WORK INSTRUCTIONS ▸ Reproduce, word for word, the lines in the material below starting with the one that has "Unlock the true" and going on through the one that has "Bet on soccer". Leave out all pictures.

GIVEN DATA ▸
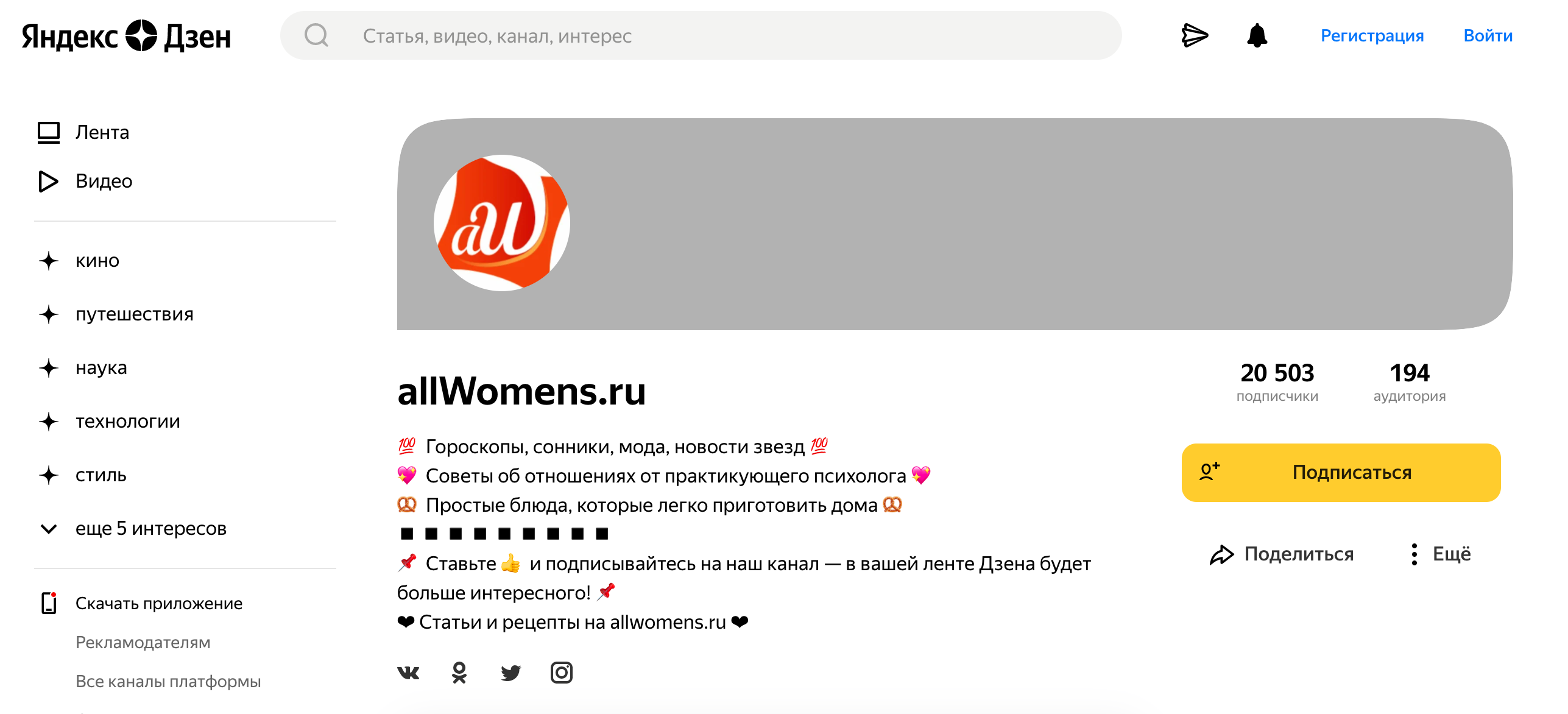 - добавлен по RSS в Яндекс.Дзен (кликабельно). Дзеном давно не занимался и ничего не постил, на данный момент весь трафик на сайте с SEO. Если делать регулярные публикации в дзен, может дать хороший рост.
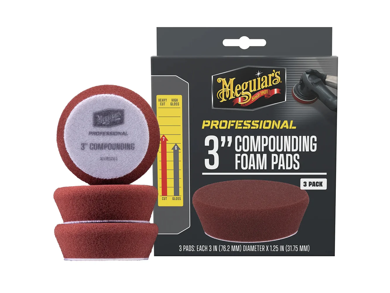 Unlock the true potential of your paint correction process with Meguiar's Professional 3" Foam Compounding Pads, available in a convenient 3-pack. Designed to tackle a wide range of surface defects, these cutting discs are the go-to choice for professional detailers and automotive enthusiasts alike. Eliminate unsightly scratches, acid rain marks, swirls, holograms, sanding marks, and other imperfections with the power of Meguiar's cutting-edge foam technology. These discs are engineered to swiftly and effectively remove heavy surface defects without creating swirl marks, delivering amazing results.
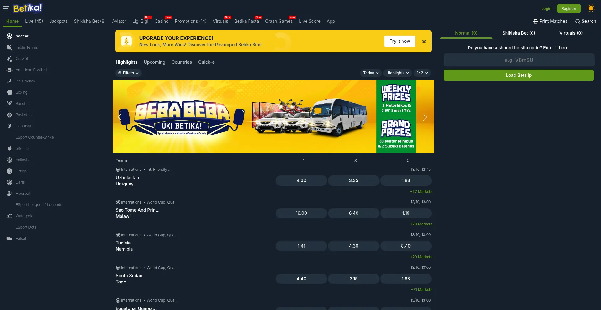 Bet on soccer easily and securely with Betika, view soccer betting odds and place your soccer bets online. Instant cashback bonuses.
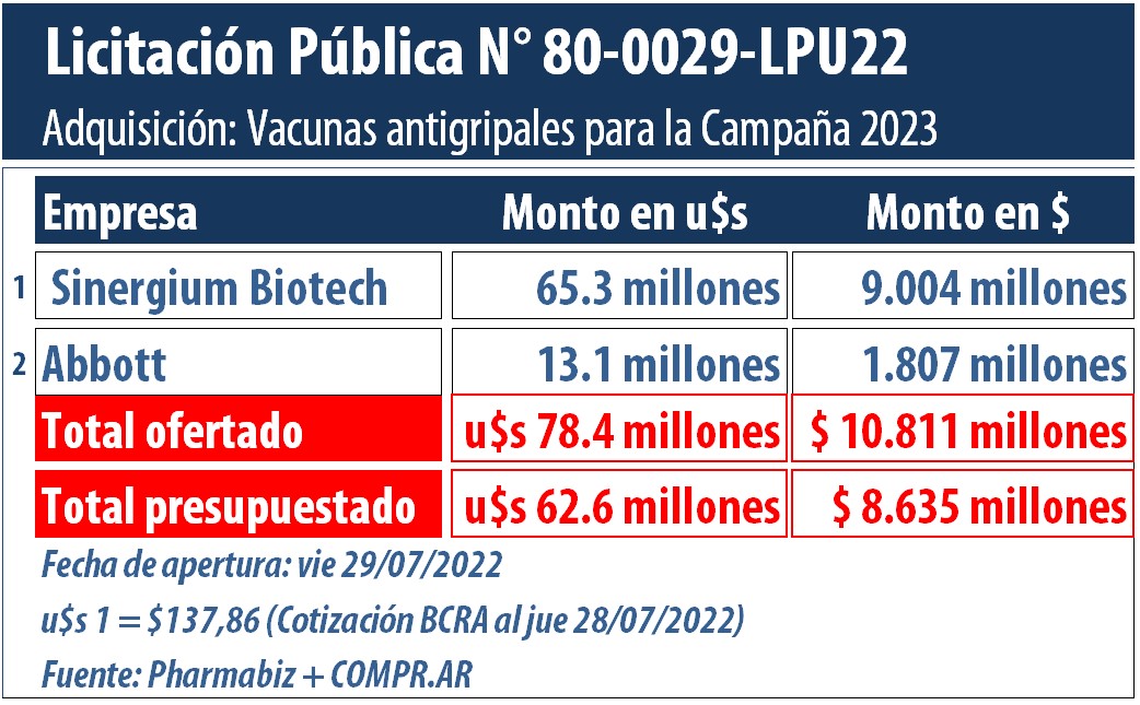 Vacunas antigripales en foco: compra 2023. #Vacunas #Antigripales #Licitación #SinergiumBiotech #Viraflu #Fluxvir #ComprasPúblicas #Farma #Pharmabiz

ANSWER ▸
 Unlock the true potential of your paint correction process with Meguiar's Professional 3" Foam Compounding Pads, available in a convenient 3-pack. Designed to tackle a wide range of surface defects, these cutting discs are the go-to choice for professional detailers and automotive enthusiasts alike. Eliminate unsightly scratches, acid rain marks, swirls, holograms, sanding marks, and other imperfections with the power of Meguiar's cutting-edge foam technology. These discs are engineered to swiftly and effectively remove heavy surface defects without creating swirl marks, delivering amazing results.
 Bet on soccer easily and securely with Betika, view soccer betting odds and place your soccer bets online. Instant cashback bonuses.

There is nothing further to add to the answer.